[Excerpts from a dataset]
__________

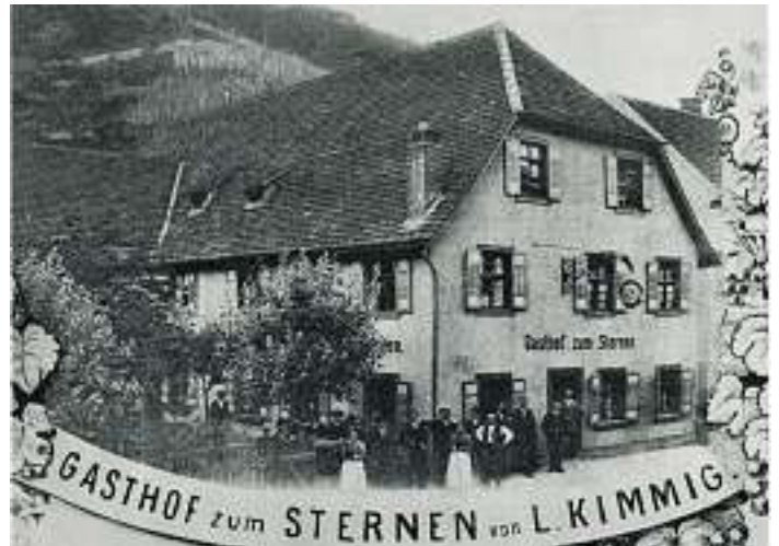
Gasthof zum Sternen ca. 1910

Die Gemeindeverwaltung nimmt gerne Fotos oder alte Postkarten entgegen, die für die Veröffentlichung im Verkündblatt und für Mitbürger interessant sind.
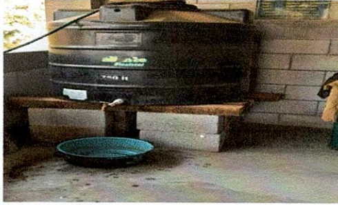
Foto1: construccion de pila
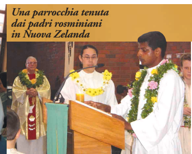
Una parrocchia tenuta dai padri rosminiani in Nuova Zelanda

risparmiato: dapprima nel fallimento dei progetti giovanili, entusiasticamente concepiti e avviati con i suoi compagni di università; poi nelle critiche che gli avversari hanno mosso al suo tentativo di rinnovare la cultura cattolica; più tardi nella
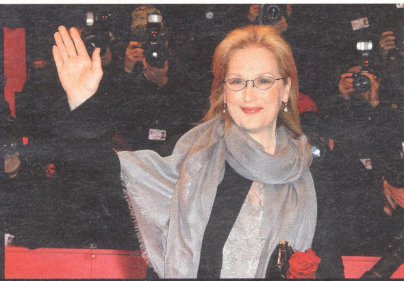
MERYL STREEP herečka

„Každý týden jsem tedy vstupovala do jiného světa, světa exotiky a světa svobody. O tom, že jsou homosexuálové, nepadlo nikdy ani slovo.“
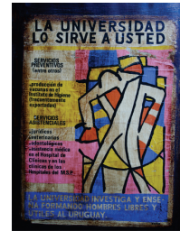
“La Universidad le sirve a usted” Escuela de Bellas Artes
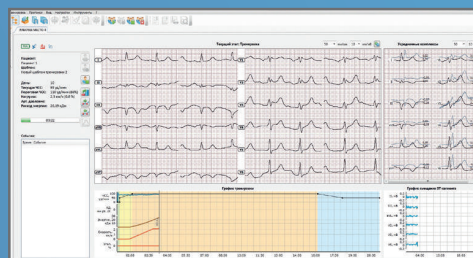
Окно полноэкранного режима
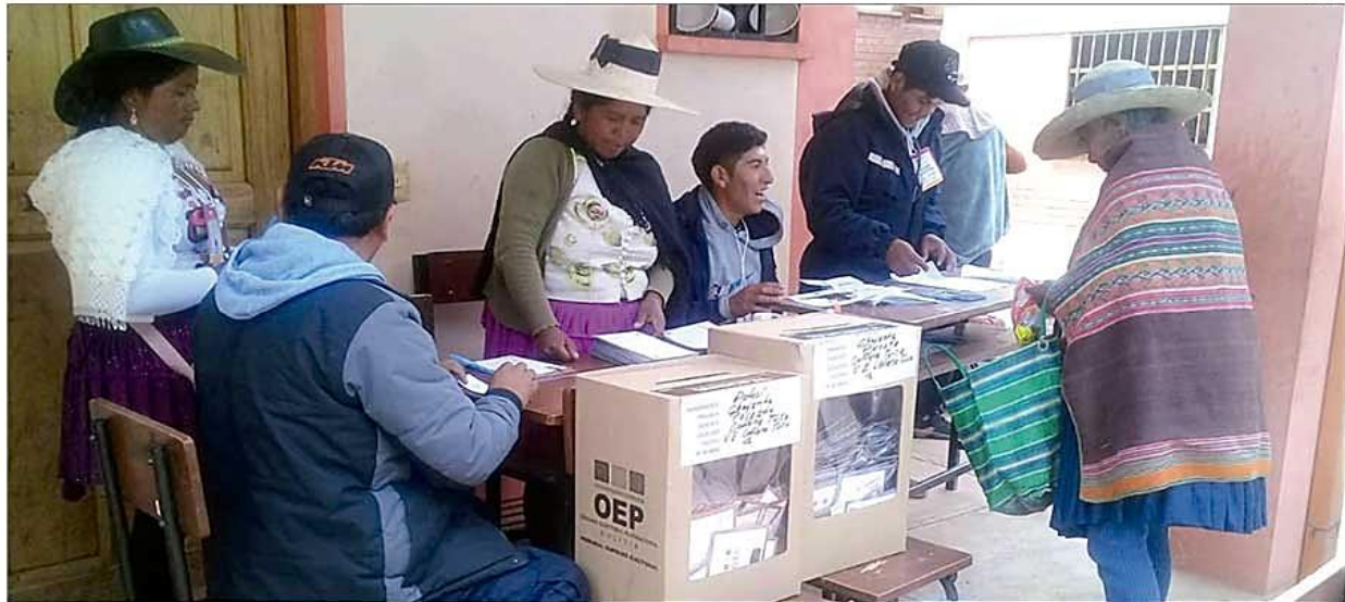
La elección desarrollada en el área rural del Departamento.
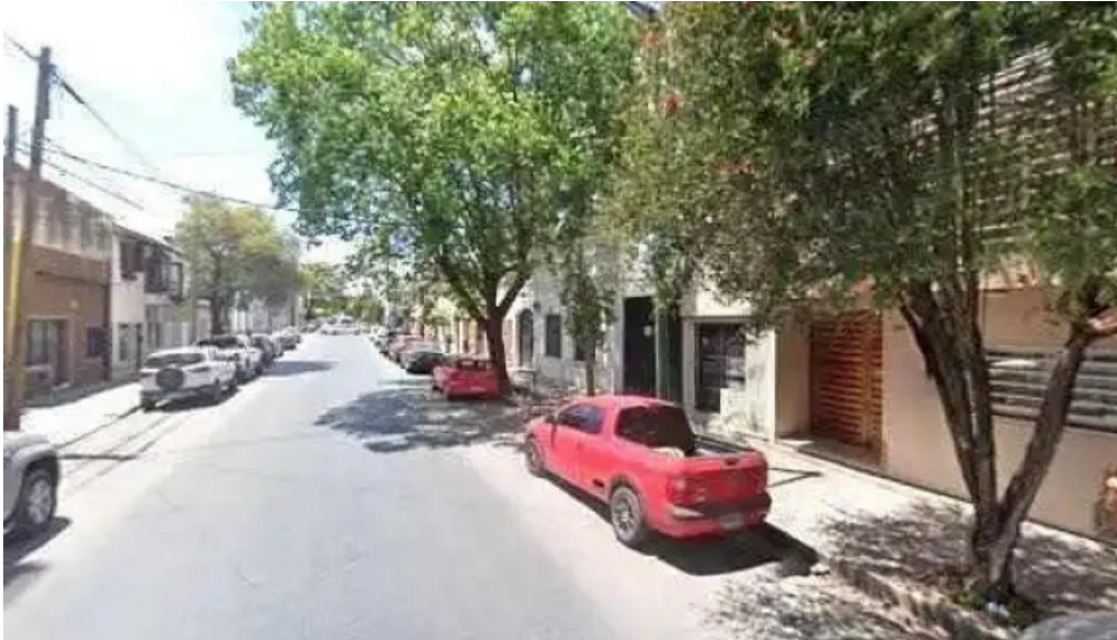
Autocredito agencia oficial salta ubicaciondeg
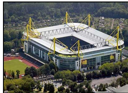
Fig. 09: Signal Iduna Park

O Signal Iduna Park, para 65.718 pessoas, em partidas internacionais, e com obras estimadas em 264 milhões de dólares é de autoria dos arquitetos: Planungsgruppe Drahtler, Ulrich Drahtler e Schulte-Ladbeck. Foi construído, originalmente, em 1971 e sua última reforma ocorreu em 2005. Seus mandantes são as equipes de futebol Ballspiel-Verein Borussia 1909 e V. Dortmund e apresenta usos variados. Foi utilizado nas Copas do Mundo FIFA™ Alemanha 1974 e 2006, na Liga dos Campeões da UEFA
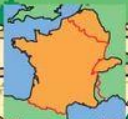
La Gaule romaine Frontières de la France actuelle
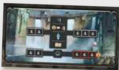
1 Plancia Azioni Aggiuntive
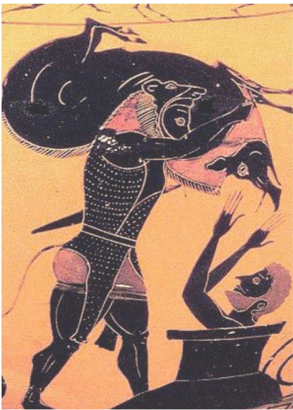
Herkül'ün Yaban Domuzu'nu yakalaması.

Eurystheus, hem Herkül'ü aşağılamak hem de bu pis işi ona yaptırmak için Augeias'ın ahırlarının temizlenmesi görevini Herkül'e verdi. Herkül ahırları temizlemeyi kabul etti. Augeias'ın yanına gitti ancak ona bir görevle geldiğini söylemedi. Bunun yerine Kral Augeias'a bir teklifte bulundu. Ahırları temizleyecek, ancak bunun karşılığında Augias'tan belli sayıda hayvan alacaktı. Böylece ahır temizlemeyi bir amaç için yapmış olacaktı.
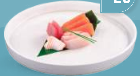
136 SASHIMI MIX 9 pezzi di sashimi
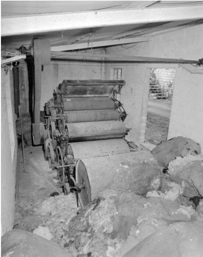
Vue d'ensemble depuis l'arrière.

__________

Leave out every picture and copy verbatim the lines running from the line containing "136 SASHIMI MIX 9 pezzi di sashimi" through the final line of the data.

136 SASHIMI MIX 9 pezzi di sashimi
Vue d'ensemble depuis l'arrière.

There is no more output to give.